No queda mucho para llegar a la parada de Aurora. Si no sube nadie hasta entonces, el tren se quedará completamente vacío. Son algo más de las cuatro y media y van más de tres horas de viaje. Quedan por delante cuatro provincias que recorrer aún y el cansancio se nota en el ambiente. Todo está silencioso y el ruido del tren mece a quien está en su interior como si fuera una cuna. Es difícil mantener los ojos abiertos.

– ¿Cuál es ese pico? –la Montaña Palentina se va echando encima a medida que la máquina se acerca a la próxima parada.
– Yo creo que es el Espigüete –la interventora responde rápido. Se queda dudando unos instantes y retoma la palabra: – Hay un maquinista que conoce todos los picos y, si estuviera él, lo sabríamos seguro; siempre va diciendo «este es tal, este es cual». –mira por la ventana mientras piensa en silencio– Peñacorada ya la hemos pasado así que tiene que ser el Espigüete –dice para terminar.

La peña Espigüete está a unos veinticinco kilómetros al norte de la vía, pero es uno de los picos más altos de toda la zona y no es de extrañar que cumpla el papel protagonista en esta escena ferroviaria. La interventora vuelve a la cabina junto a la conductora. La máquina atraviesa Guardo. Las explosiones de unas canteras cercanas provocaron el derrumbamiento de los muros de su castillo a finales del siglo XIX y sus piedras fueron utilizadas para construir las vías del Hullero por esa época.

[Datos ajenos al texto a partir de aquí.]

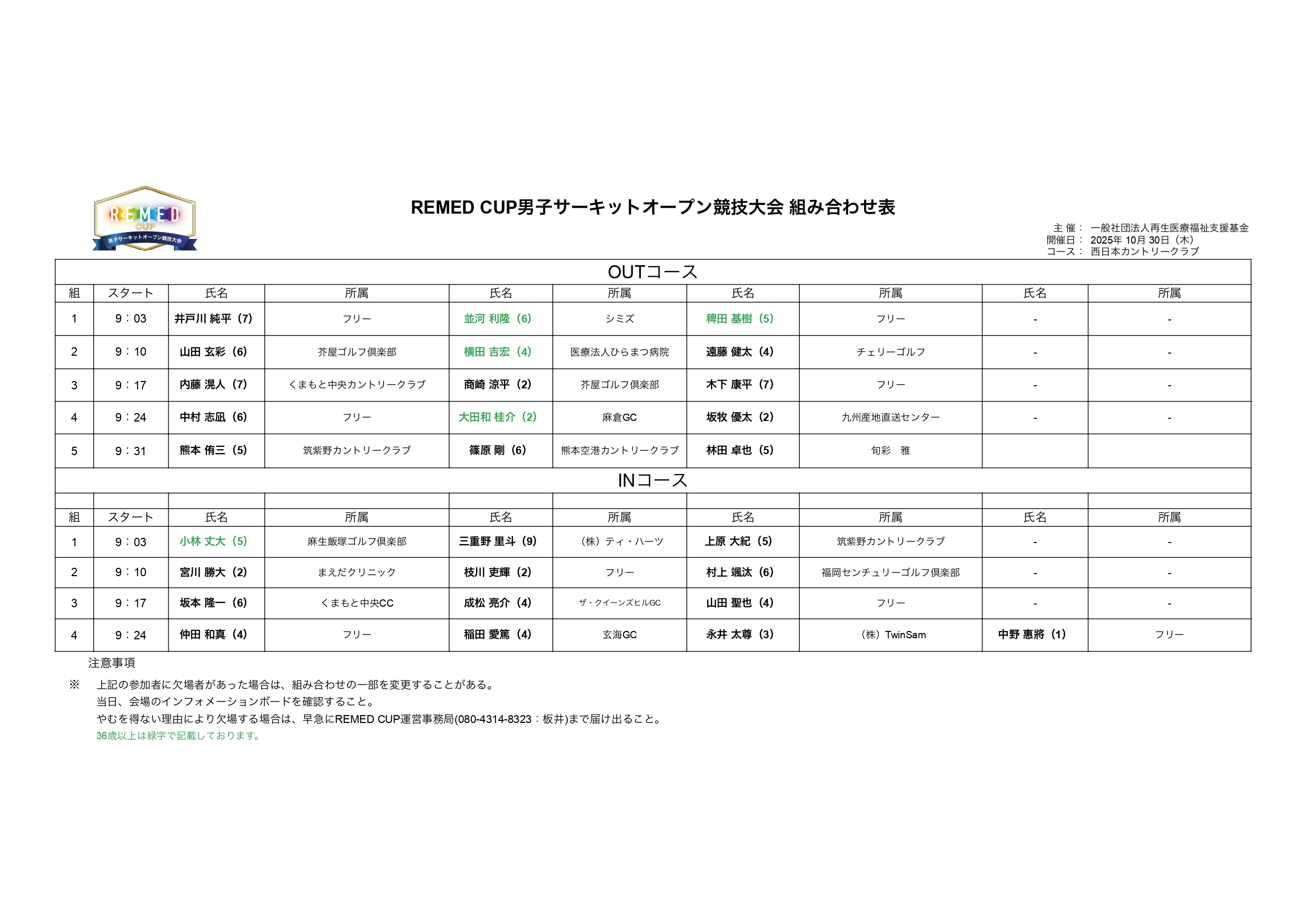スタート時間:午前9時03分~(INOUT全9組、セルフ、休憩あり)

Un centro de reciclado de neumáticos queda a la derecha del tren, que avanza entre fábricas y almacenes hasta llegar a una parte residencial. Una curva pronunciada a la derecha da paso a la estación por fin. Junto a ella se encuentran los restos de una de las explotaciones de la controvertida Unión Minera del Norte, cuyos bienes fueron subastados para recaudar la multimillonaria deuda de la empresa.

La máquina para y sus puertas permanecen cerradas. Dos señores esperan. Viste cada uno una camisa de cuadros y van cargados con bolsas de plástico. Hablan mientras se apoyan en la barandilla. Cuando el tren silba avisando la salida, los dos hombres permanecen como están e intercambian palabras tranquilamente al tiempo que el Hullero abandona Guardo. Otra estación en la que no pasa nada.